On June 24, the United States Supreme Court ruled that injured sailors can no longer recover punitive damages in maritime injury cases. This means that if you sue your employer because you were injured as a result of their failure to maintain the ship in a seaworthy condition, the Court only has the authority to compensate you for your losses. The Court cannot force your employer to pay additional punitive damages in maritime injury related cases. Generally, these damages are reserved for those few cases where a shipowner does something outrageous, reckless, or unusually negligent. This ruling will only affect a relatively small number of maritime injury cases.
When you get injured at sea, you face a battle when you get home. Not only must you heal from your injuries and support yourself and your family, but you’ll also need to take action to get adequate compensation from your employer. At The Krist Law Firm, P.C., our goal is to help you get the compensation you deserve so that you can focus on getting back to your normal life.
Punitive Damages are Unavailable in Unseaworthiness Cases
When you are injured in a maritime accident, the law gives you multiple avenues for seeking compensation against the shipowner. You can sue them for negligence, as authorized by the Jones Act. Alternatively, you can sue the sue shipowner under the theory of unseaworthiness, which does not require you to prove their negligence. Instead, you need to demonstrate that the ship was unseaworthy, and that its unseaworthiness caused your injuries.

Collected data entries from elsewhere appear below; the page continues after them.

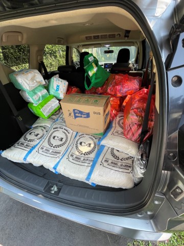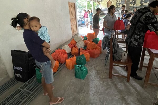 Verteilung von Lebensmitteln an hilfsbedürftige Dorfbewohner in der Region Pipid.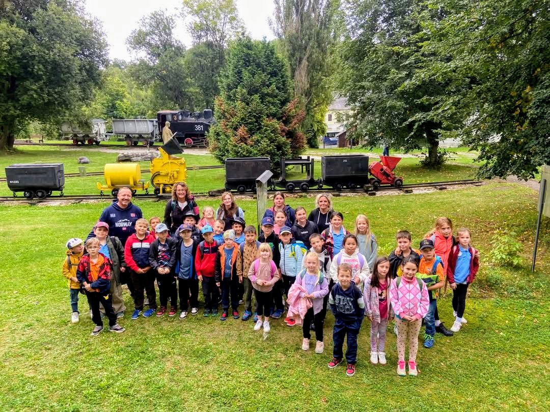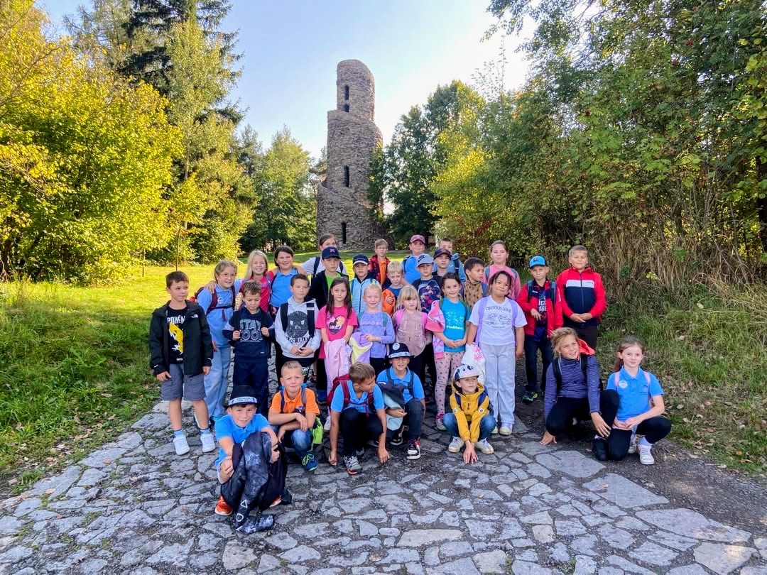 Am 11.09.2025 war es endlich so weit. Voller Aufregung stiegen 14 Drittklässler der Grundschule Steinberg in den Bus nach Chyše. Nach zweieinhalbstündiger Fahrt wurden wir freudig von den 17 Schülerinnen und Schülern der Partnerschule begrüßt. Nach einem ausgiebigen Mittagessen besuchten wir das Bergbaumuseum in Krásno, wo uns viel Interessantes über den Zinnabbau und das Leben eines Stollenarbeiters beigebracht wurde. Besonders die Besichtigung der historischen Räumlichkeiten und eine Fahrt mit der Grubenbahn werden uns dabei noch lange in Erinnerung bleiben. Anschließend hatten wir die Möglichkeit, zu Tschechiens schönsten Aussichtturm zu wandern und dort den spektakulären Ausblick zu genießen. Ein weiteres Highlight war definitiv die gemeinsame Übernachtung im Schulgebäude, wo bis weit über die Schlafenszeit hinaus Geheimnisse zwischen den Schlafsäcken ausgetauscht wurden. Nach einer kurzen Nacht durften wir im örtlichen Gestütshof alle 50 Turnierpferde streicheln und den Besitzer mit Fragen löchern. Gesättigt und voller neuer Eindrücke traten wir schließlich wieder die Heimreise an.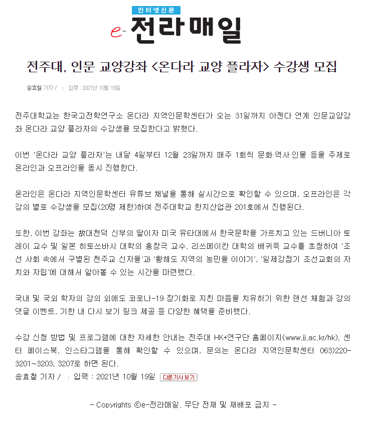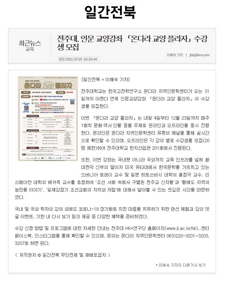 | 463 | 기타 | 전주대, 인문 교양강좌 온다라 교양 플라자 수강생 모집 | 온다라 지역인문학센터 | 21-10-20 | 232 |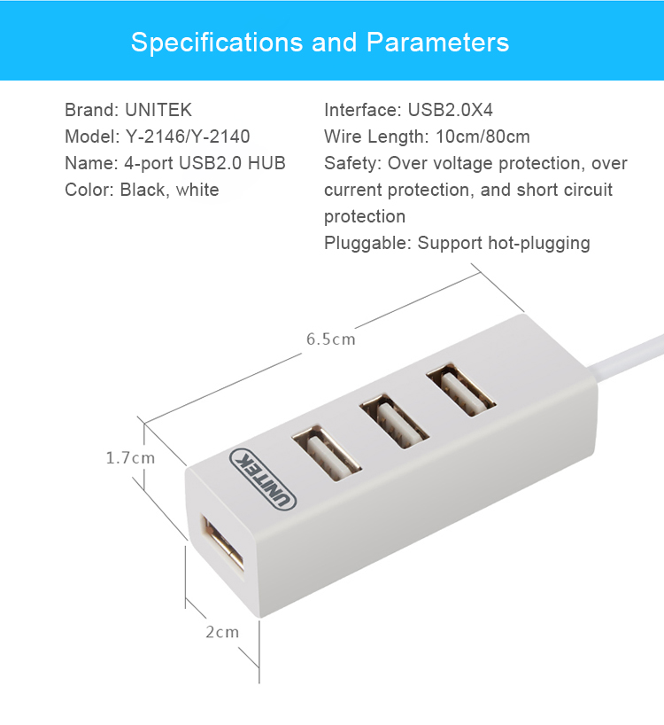 - Hub Chia 4 Cổng USB 2.0 UNITEK Y-2160 tương thích với máy tính xách tay khác Macbook và các thiết bị khác như ổ đĩa flash USB bàn phím thẻ WLAN chuột; có thể kết nối điện thoại di động Iphone HTC và khác để sạc và truyền dữ liệu.
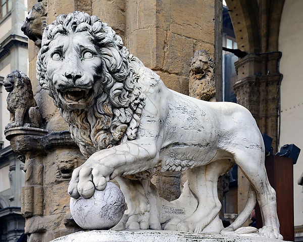 По сторонам центрального входа на постаментах лестницы установлены две скульптуры мраморных львов, опирающихся лапой на шар; один (справа) представляет собой античное произведение I в. н. э., второй (слева) создан (изначально для виллы Медичи в Риме) по образцу первого в 1600 году скульптором Фламинио Вакка (скульптуры установлены в лоджии в 1780 году). Львы символизируют охрану и защиту от вражеских сил (шар — символ бдительности, атрибут «неусыпного стража»). Гипсовые копии и мраморные реплики флорентийских львов разошлись по свету, они установлены во многих зданиях, перед дворцами, в парках и загородных виллах.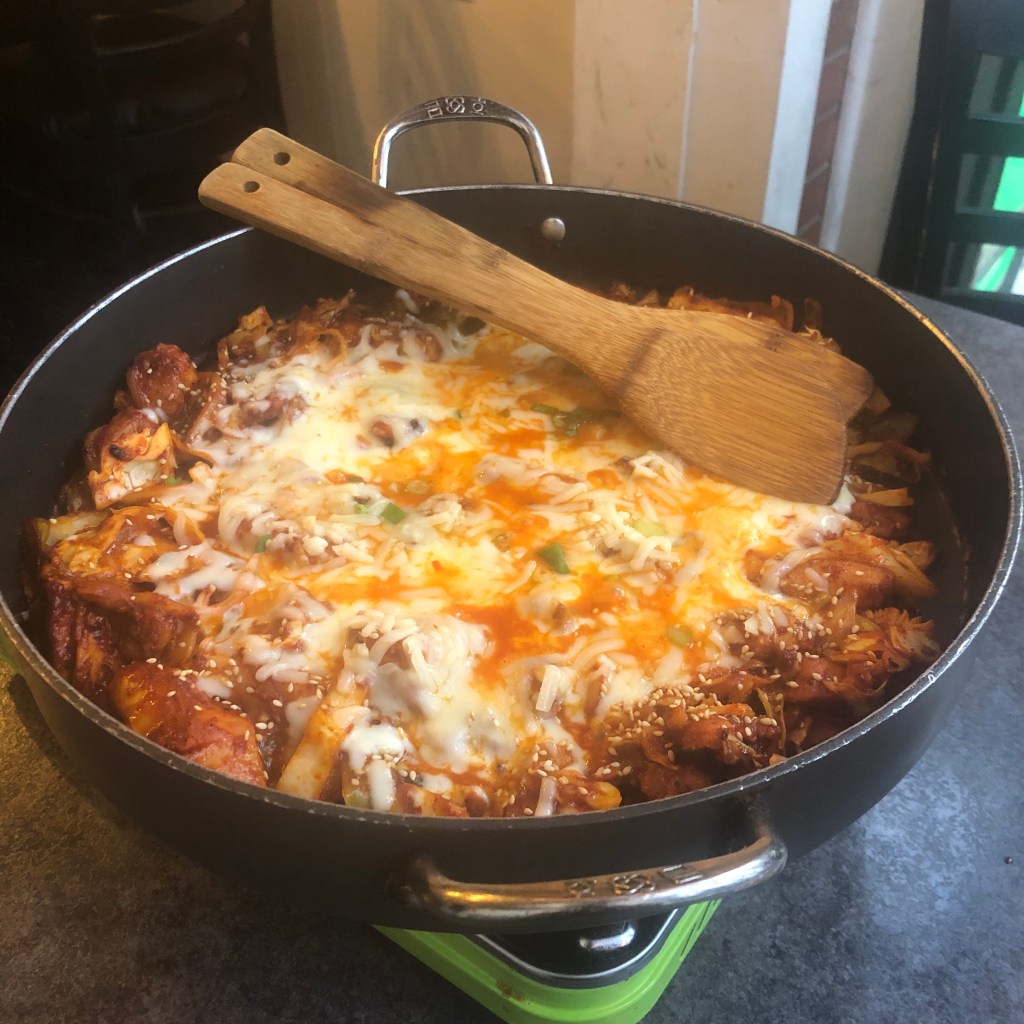 I was excited when a big skillet full of spicy stir-fried chicken arrived at our table. Our server turned on the burner. We watched patiently as the cheese melted over the chicken, sweet potatoes and rice cakes. L noted the chicken was of good quality. I didn’t find the sauce spicy, though L could detect some heat. I liked how every time we went to scoop a piece of chicken or rice cakes, the strands of cheese would stretch from the skillet to our bowl. When grilled, the rice cake was chewy and gelatinous.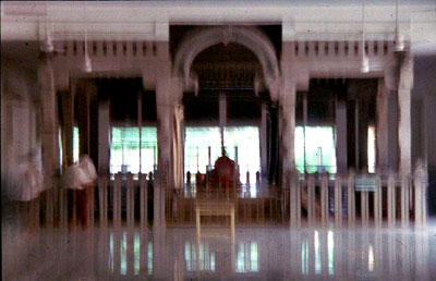 before sitting down in the hall. There are daily chanting, pujas and meditation sessions in the hall as well as in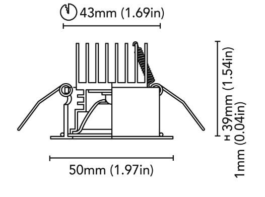Faretto fisso da incasso a soffitto, con cornice tonda 50mm.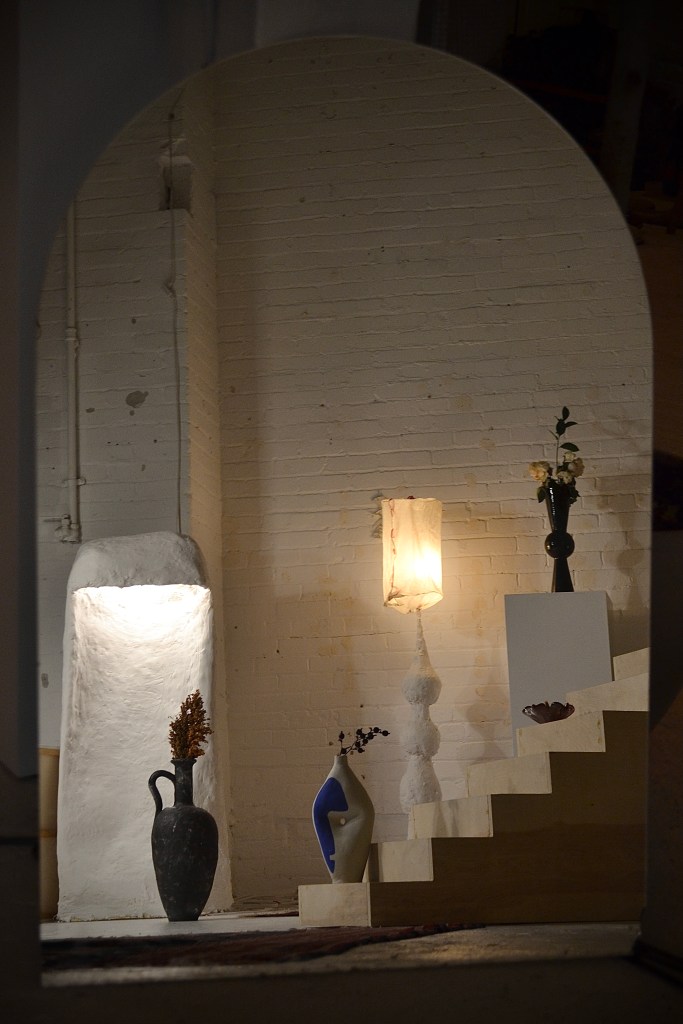 Here are three shots of a ceramic studio in downtown Toronto. The space is operated by Tamara, a multidisciplinary artist with a primary focus on pottery and ceramics. The three shots are framed within in arched mirror, something I found in Tamara’s studio and used to capture her and her artwork within. The three shots follow as: Tamara posing with her work, observing her work, and finally a shot of her work on its own. The decision to use a mirror as a framework meant that I had to stand in the exact same spot each time I clicked the shutter. These three shots lined up the best. Access to a tripod would have eradicated this constraint.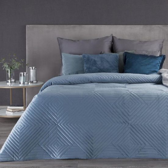 Narzuta o imponujących wymiarach 220x240 cm to ekskluzywny dodatek, który wniesie do Twojej sypialni wyjątkową elegancję i komfort. Niebieski kolor doda pomieszczeniu harmonii i luksusowego wyglądu.
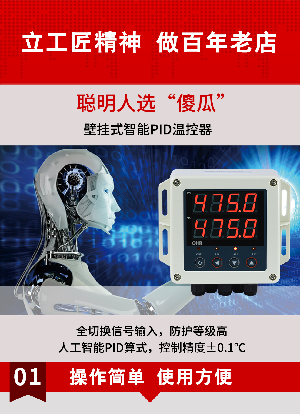 虹潤公司是專業生產溫控器的國家專精特新“小巨人”企業。生產的壁掛式PID溫控器,具有全切換信號輸入,真正人工智能算式,控制精度達士0.1°C,防護等級高,RS485通訊輸出DN等特點。產品獲得模糊PID控制儀及控制方法、人工智能調節器、智能化控制器、移相觸發控制器、閥門自動手動無擾動操作控制方法及裝置等5項國家發明專利,主持起草主持起草工業過程控制系統用模擬輸入兩位或多位輸出儀表、物聯網智能溫度儀表通用技術條件、工業過程測量和控制系統用智能調節器等3項國家標準,以及通信系統多通道數據采集控制終端規范軍用標準。參與國際5G標準制定,取得傻瓜式PID調節儀等3項相關軟件著作權。產品廣泛應用于電力、石化,冶金、制藥、食品等幾乎所有工業現場,實現精準控溫,保障生產安全與質量。

The unseaworthiness of a vessel could manifest itself and injure you in many ways, including:
- Engine malfunction
- Fuel vapor leak
- Lines breaking
- Loose machinery or cargo
- Cluttered deck
- Incompetent crew or captain
- Inadequate anti-slip surfaces and handrails
- Malfunctioning navigation or communications equipment
You’ll notice that the unseaworthiness doctrine doesn’t just concern the ship itself – it concerns the crew and all of the fixtures of the vessel as well. The shipowner has a duty to ensure that the ship, its equipment, and crew meet a minimum standard. They are strictly liable for damages that result from a failure to meet this standard.
Besides not having to prove negligence, another benefit of the unseaworthiness doctrine over the Jones Act is a wider range of available damages. The Jones act has several limits on the amount and type of damages you can recover. But the unseaworthiness allows larger settlements for sailors that encompass more types of damages. Previously this included punitive damages. But now, the Supreme Court has removed this possibility.
The Supreme Court decided that punitive damages were inappropriate in unseaworthiness cases because in its overview of traditional maritime law cases, it found insufficient evidence that punitive damages were a common remedy. Additionally, Congress had the ability to explicitly create a way for sailors to get punitive damages in unseaworthiness cases, yet failed to make any law explicitly authorizing this type of damages. The Supreme Court stated that it was not appropriate to create a new remedy without basis in traditional law, and which Congress decided not to write into legislation.
Seek Help for Your Maritime Case Today
You can still seek compensation for loss of income, physical pain, mental anguish, medical expenses, and disability if you sue your employer under the unseaworthiness doctrine. Additional damages meant to punish – and not to compensate – are off the table. But with the right legal team behind you, your case will be easy to navigate. It’s essential that you and your Houston maritime lawyer describe and document exactly how the injury has affected your professional and personal life.